## Data segment
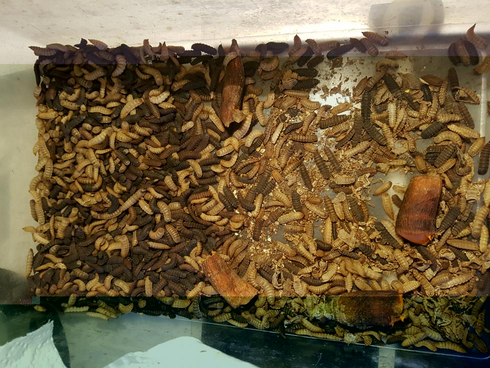 Ciao stevemagno,le mie stanno andando alla grande, da una vasca ora ne ho 3 di vasche e stanno sempre deponendo,si pappano 15kg di umido ogni 3 4 giorni... Nella foto che hai messo vedo chiaramente larve allo stadio finale e larve ancora bianche.Le larve all'ultimo stadio le dovresti togliere tutte da li e metterle in una vasca con trucciolato o torba o comunque un substrato asciutto senza cibo, tempo due settimane e si strasformeranno in mosche. Devi aumentargli il cibo io li vedo solo carote,devi andare in un negozio e farti lasciare tutta la frutta guasta,loro amano la frutta guasta. Devi dare acqua alle mosche.Se non depongono e perchè o c'è molto freddo o perchè c'è poca luce o perchè il cibo nn le attira,quindi: Mettere tanta frutta guasta,mele,pere etc etc temperatura 20-25 ma anche 30-40,le mie ultimamente sono con temperatura a 40 e stanno impazzendo,si accoppiano in aria, in mezzo all'umidio, praticamente ovunque.Quindi,temperatura alta e luce del sole.Ti basta una piccolissima serra ben chiusa,ricordati che la serra può portare anche di 20-30 gradi in più rispetto alla temperatura esterna,se non puoi costruire una mini serra, mettile in un punto soleggiato oppure usa luce artificiale ma ancora io non ho fatto i test con la luce artificiale quindi non so come aiutarti per questo.
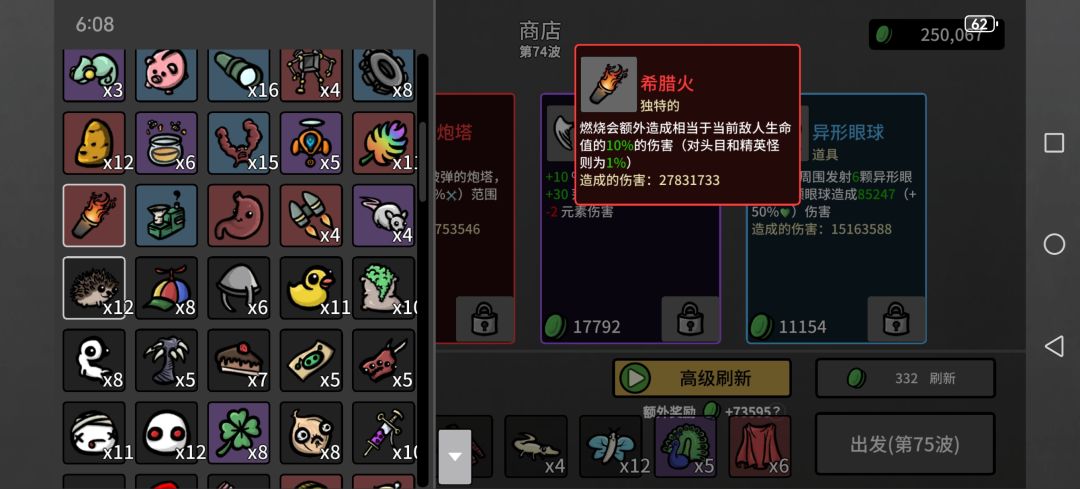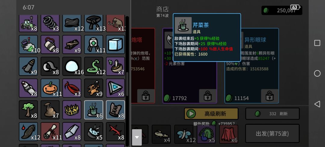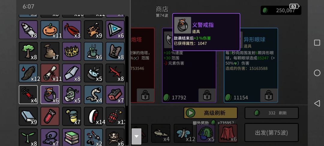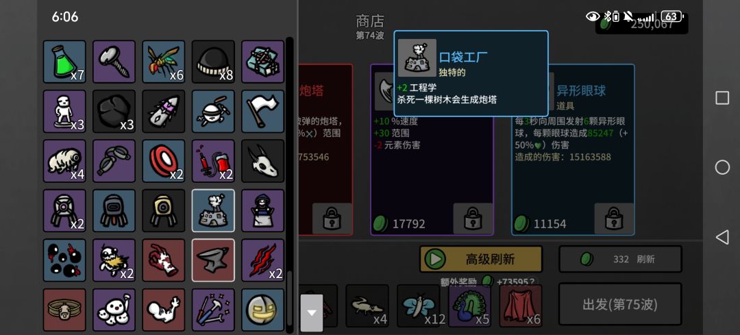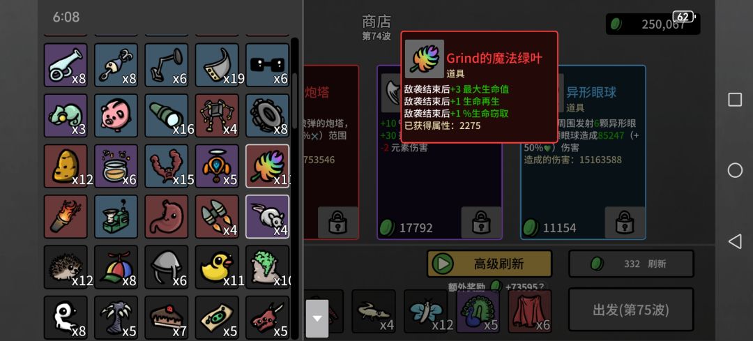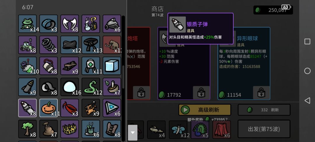 然后一些上限很离谱的,类似弹夹,每80材料加1最大生命值,看看广告材料就有了,血要多少有多少,反而护甲什么的叠不上去,可能还有未发现道具,已经无敌
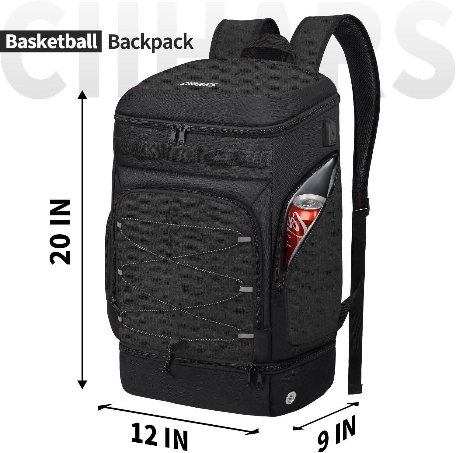 Basketball backpack have a seperated shoes compartment with vents, to keep your bag clean and ventilate. Above the shoes compartment is the individual ball compartment. At the top of basketball bag backpack, a pocket to protect your phone from scratch. A large capacity main pocket to fit all your basketball accessories gear, basketball stuff, basketball training equipment.
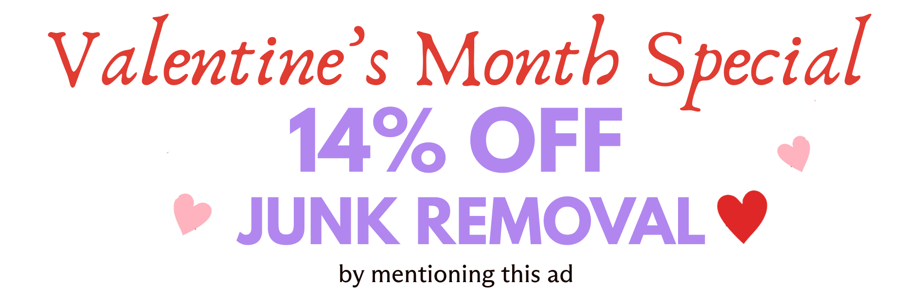 Offer valid February 1–28, 2026. Limit one 14% promotional discount per customer. Discount applies to standard junk removal services only. Customer must reference this promotion at the time of booking or during the onsite estimate to receive the discount. Additional items or special handling may result in additional charges.

## Work to be completed
Return the complete data unchanged and include none of the pictures.

## Response to this exercise
 Ciao stevemagno,le mie stanno andando alla grande, da una vasca ora ne ho 3 di vasche e stanno sempre deponendo,si pappano 15kg di umido ogni 3 4 giorni... Nella foto che hai messo vedo chiaramente larve allo stadio finale e larve ancora bianche.Le larve all'ultimo stadio le dovresti togliere tutte da li e metterle in una vasca con trucciolato o torba o comunque un substrato asciutto senza cibo, tempo due settimane e si strasformeranno in mosche. Devi aumentargli il cibo io li vedo solo carote,devi andare in un negozio e farti lasciare tutta la frutta guasta,loro amano la frutta guasta. Devi dare acqua alle mosche.Se non depongono e perchè o c'è molto freddo o perchè c'è poca luce o perchè il cibo nn le attira,quindi: Mettere tanta frutta guasta,mele,pere etc etc temperatura 20-25 ma anche 30-40,le mie ultimamente sono con temperatura a 40 e stanno impazzendo,si accoppiano in aria, in mezzo all'umidio, praticamente ovunque.Quindi,temperatura alta e luce del sole.Ti basta una piccolissima serra ben chiusa,ricordati che la serra può portare anche di 20-30 gradi in più rispetto alla temperatura esterna,se non puoi costruire una mini serra, mettile in un punto soleggiato oppure usa luce artificiale ma ancora io non ho fatto i test con la luce artificiale quindi non so come aiutarti per questo.
 然后一些上限很离谱的,类似弹夹,每80材料加1最大生命值,看看广告材料就有了,血要多少有多少,反而护甲什么的叠不上去,可能还有未发现道具,已经无敌
 Basketball backpack have a seperated shoes compartment with vents, to keep your bag clean and ventilate. Above the shoes compartment is the individual ball compartment. At the top of basketball bag backpack, a pocket to protect your phone from scratch. A large capacity main pocket to fit all your basketball accessories gear, basketball stuff, basketball training equipment.
 Offer valid February 1–28, 2026. Limit one 14% promotional discount per customer. Discount applies to standard junk removal services only. Customer must reference this promotion at the time of booking or during the onsite estimate to receive the discount. Additional items or special handling may result in additional charges.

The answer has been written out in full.